Cao Cao was impressed when he heard about Xu Shu and was eager to recruit Xu as an adviser. He invited Xu Shu's mother to meet him and asked her to write a letter to her son, requesting that her son come to join him. Xu Shu's mother refused, denounced Cao Cao as a treacherous villain, and threw an ink stone at him. The furious Cao Cao ordered Xu Shu's mother to be executed but changed his mind when Cheng Yu reminded him that Xu Shu would be more determined to help Liu Bei oppose him if he killed his mother. Cao Cao then had Xu Shu's mother detained and asked Cheng Yu to pretend to be Xu Shu's sworn brother to win the trust of Xu's mother. After some time, Cheng Yu got close to Xu Shu's mother and learnt to mimic her handwriting. He wrote a letter to Xu Shu in the handwriting of Xu's mother, telling Xu that she was in trouble and urging him to come to the imperial capital Xu (許; present-day Xuchang, Henan) quickly. Xu Shu was a filial son so he immediately left for Xu after reading the letter.

Xu Shu was in a hurry when he sped off on horseback. On the way, he suddenly remembered something and immediately turned back to meet Liu Bei and recommend Zhuge Liang to him. He then resumed his journey to Xu. When he arrived at his destination, he was shocked to discover that he had been tricked. His mother was furious with her son's failure to discern between truth and deception, and ashamed by the fact that her son joined Cao Cao instead of Liu Bei. She committed suicide. Xu Shu remained with Cao Cao, but he swore never to give advice to Cao.

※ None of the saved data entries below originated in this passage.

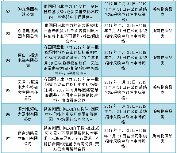 國(guó)家電網(wǎng)公司通報(bào)2017年9月供應(yīng)商不良行為處理情況
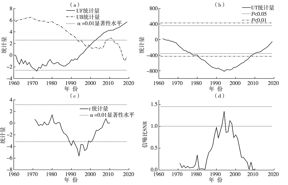 | 图3 1961—2019年秦淮河流域年平均气温M-K(a)、Pettitt(b)、滑动t(c)及Yamamoto(d)突变检验 |
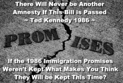 That's because we've documented here that all of the promises made by Ted Kennedy and other contemporary immigration enthusiasts during the passage of the 1965 Immigration Act were broken. See So Much for Promises – Quotes Re 1965 Immigration Act, by Joe Fallon, originally published in the Social Contract, Spring 1999.
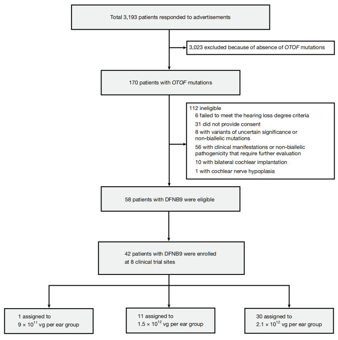 这项在全国 8 家三甲医院(复旦大学附属眼耳鼻喉科医院、北京协和医院、四川大学华西医院、中南大学湘雅二医院、重庆市人民医院、南昌大学第一附属医院、郑州大学第一附属医院、南华大学附属第二医院)共同开展的多中心临床试验,共纳入了 42 名年龄在 9 个月至 32 岁的 OTOF 基因突变的 DFNB9 型耳聋患者,覆盖婴幼儿、儿童、青少年与成年人,是该领域年龄跨度最广的研究。该临床研究的随访时间最长达 2.5 年。患者被分为三个剂量组,接受了单耳或双耳注射。
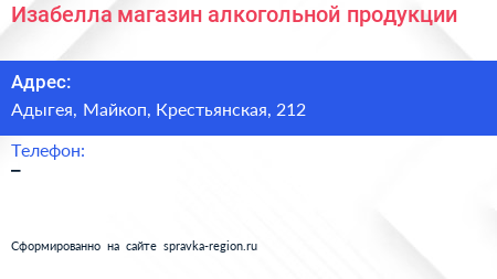 Изабелла, магазин алкогольной продукции по адресу Адыгея, Майкоп, Крестьянская, 212 в дальнейшем Организация, размещена в следующих категориях:
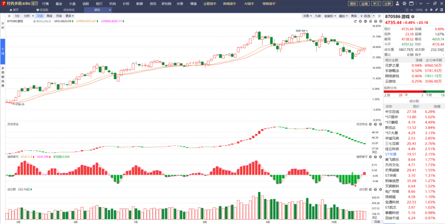 游戏板块止跌企稳后慢慢从底部爬升起来,并且有站稳智能辅助线的趋势,捕捞季节收出金叉,但成交量跟流动资金并没有好转,先继续保持观望吧!让它站稳辅助线的趋势更稳一些,然后有更多好转信号出现。
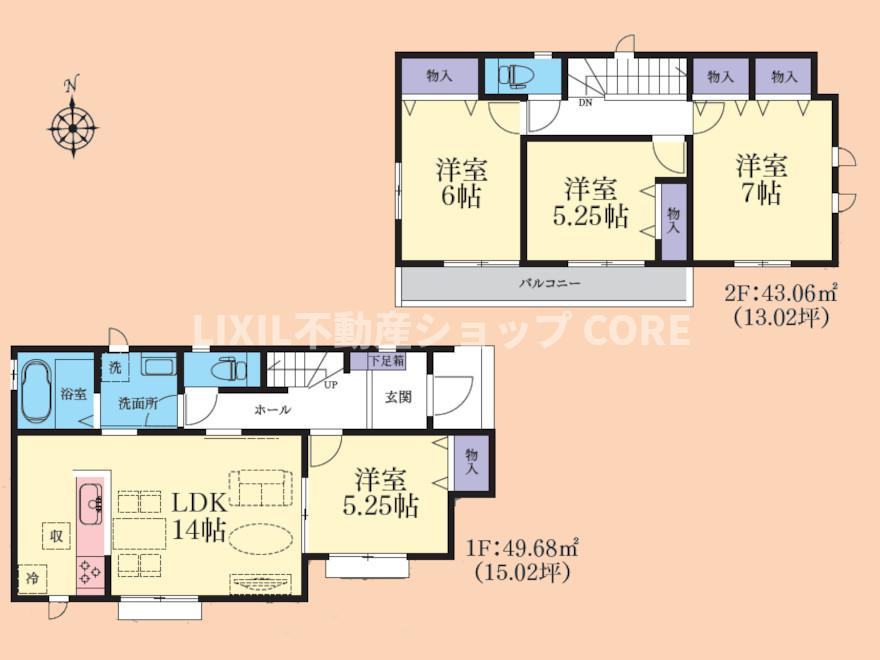 | 建物面積 | 90.25㎡ ~ 95.53㎡ | 土地面積 | 100.06㎡ ~ 104.90㎡ |
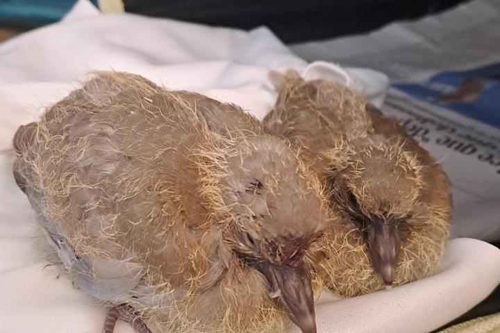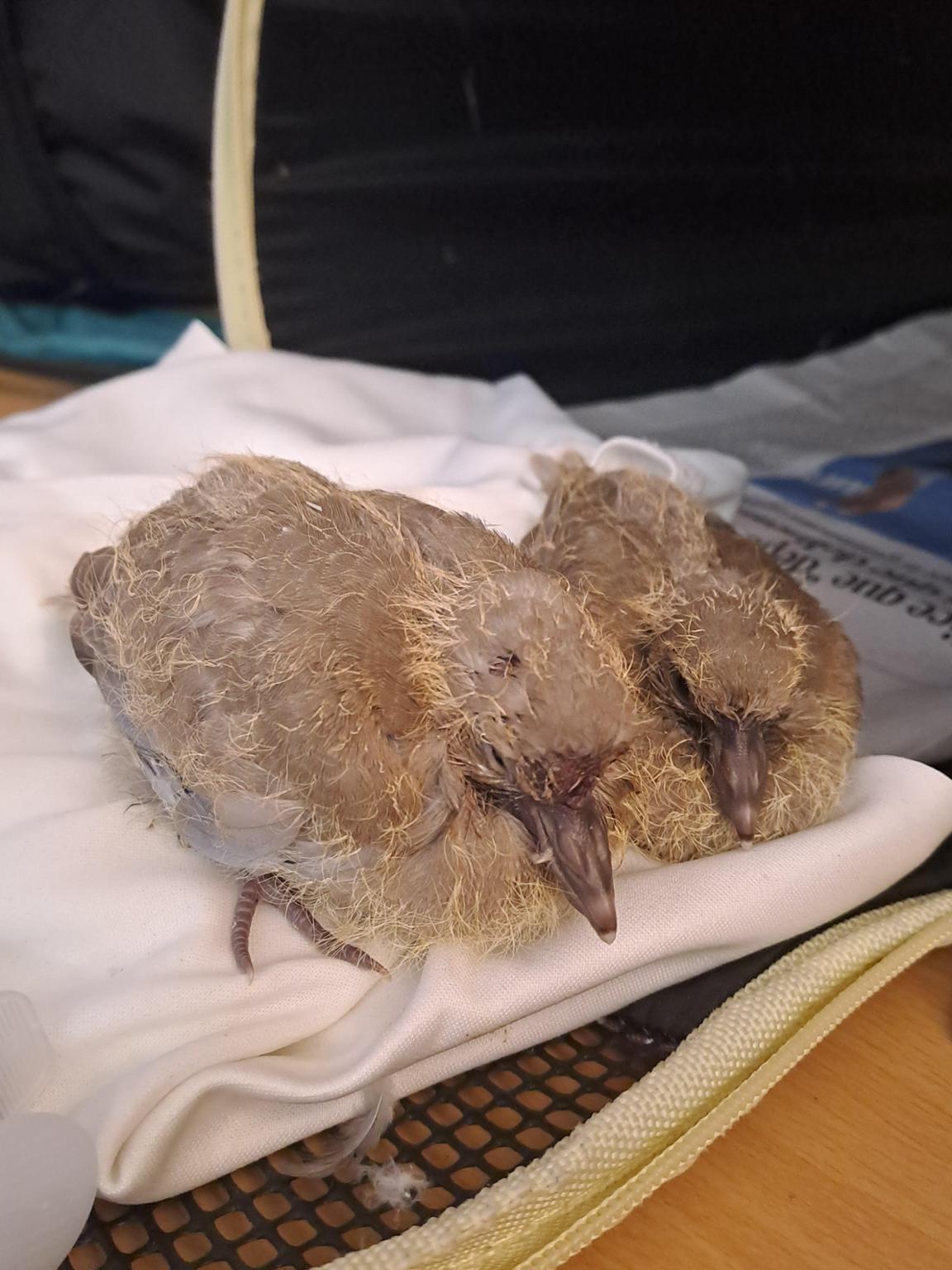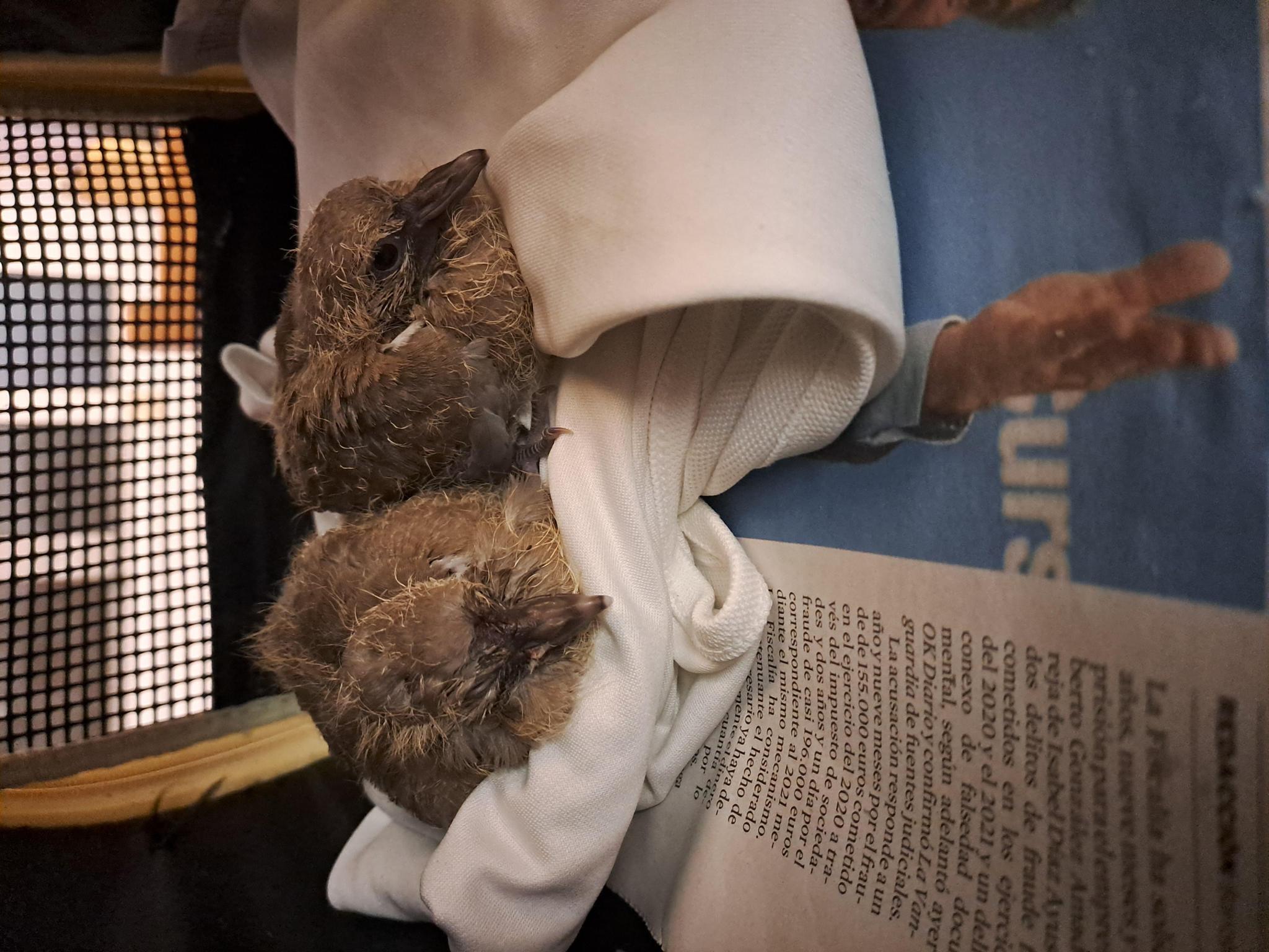 Talia y Tamara, 2 crías de tórtola que una urraca tiró de su nido.
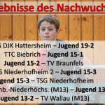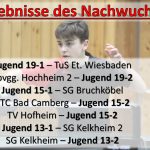 Jugend 19-1 muss zweite Niederlage in Folge hinnehmen / Jugend 19-2 in Notbesetzung verliert in Hochheim / 1. Jugend 15 ohne Spitzenspieler chancenlos gegen Bruchköbel / Jugend 15-2 erkämpft sich am Doppelspieltag weitere vier Punkte / Jugend 13-1 lässt der zweiten Kelkheimer Mannschaft keine Chance / Jugend 13-2 unterliegt erwartungsgemäß bei der SG Kelkheim / Nachwuchsspieler der Woche: Linus Hellmich
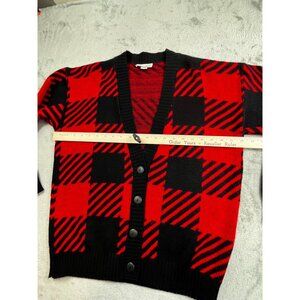 This medium-sized cardigan from Cabin Creek features a bold red and black plaid pattern. Crafted entirely from acrylic, it offers warmth and comfort.
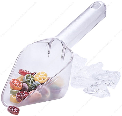 • aus glasklarem Polycarbonat, ideal als Eisschaufel und zum Abfüllen in schmale Behältnisse zu verwenden
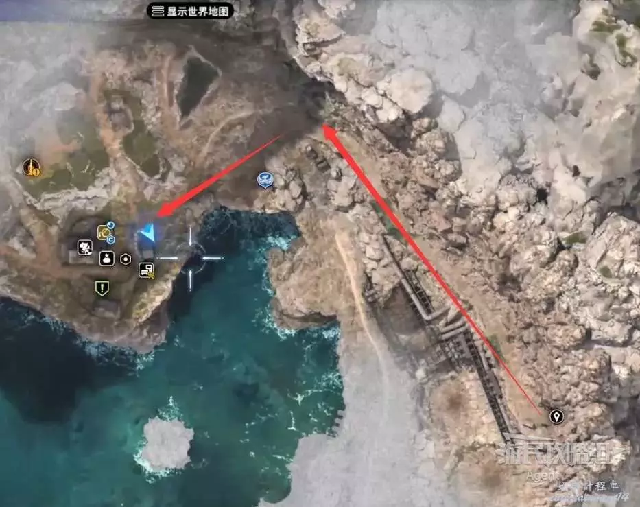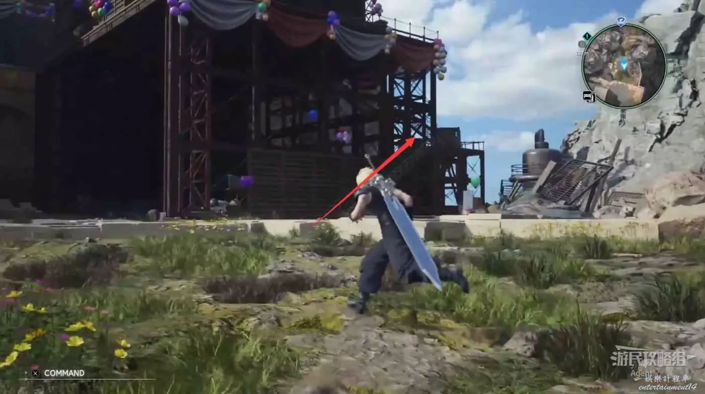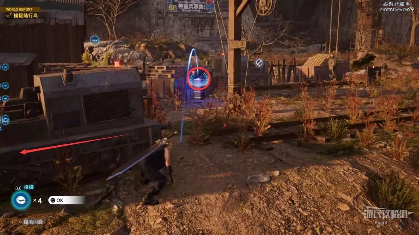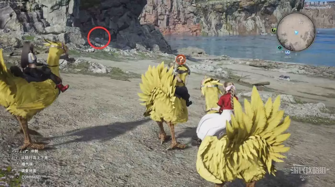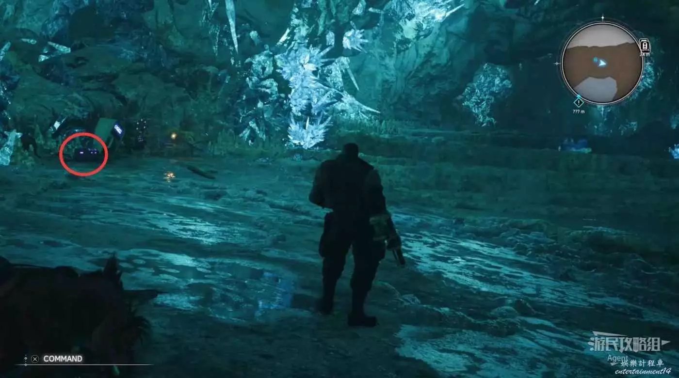 繞一圈過來發現側珠諾的南門也不讓進,不過這個召喚獸水晶其實在地下,按下圖箭頭方向繞道走即可找到。
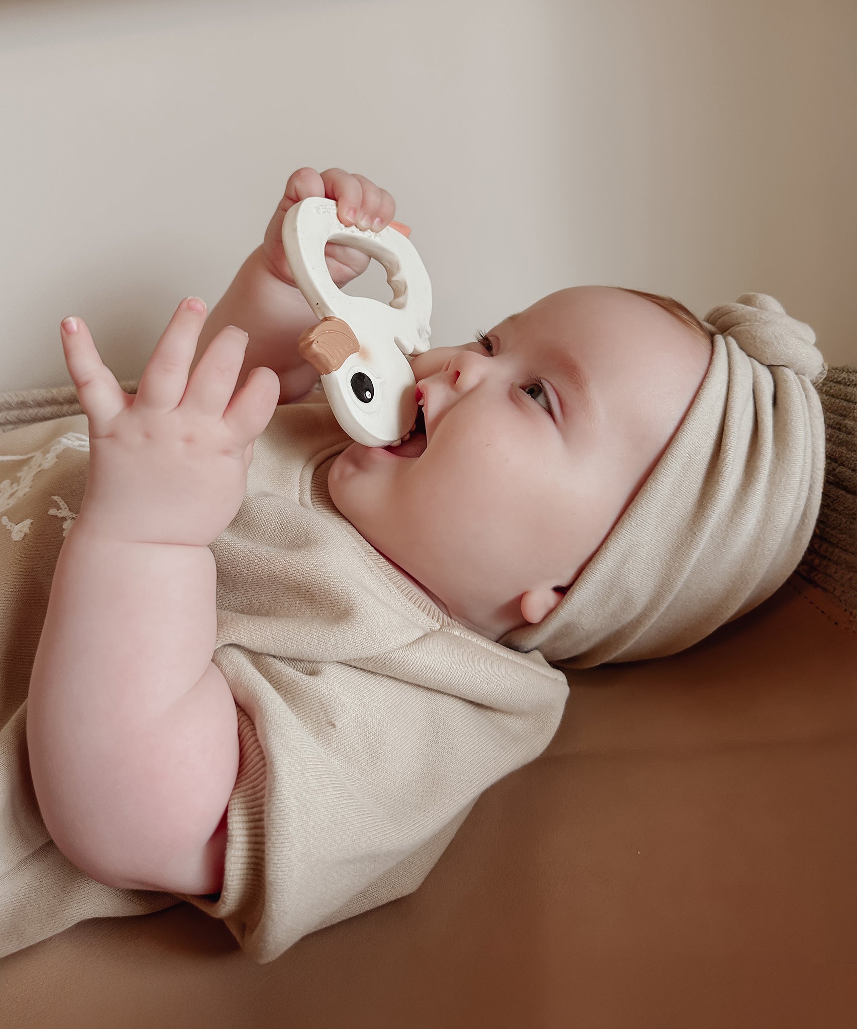This teether set is dyed with natural plant pigments, plastic-free and made from 100% naturally sourced sustainable rubber. A fantastic sensory toy to stimulate baby's senses and keep your baby occupied at home or on the go!

The Chinese saying "His body is in (Cao) Cao's camp, but his heart is actually with the Han (dynasty)" (身在曹營心在漢 (身在曹营心在汉, shēn zài Cáo yíng xīn zài Hàn)) is derived from this story about Xu Shu and another story about Guan Yu in Romance of the Three Kingdoms. It is used to describe a situation where a person who ostensibly works for a "bad" organisation is actually loyal towards another "good" organisation.

==In popular culture==

Xu Shu is first introduced as a playable character in Dynasty Warriors 7: Empires of Koei's Dynasty Warriors video game series.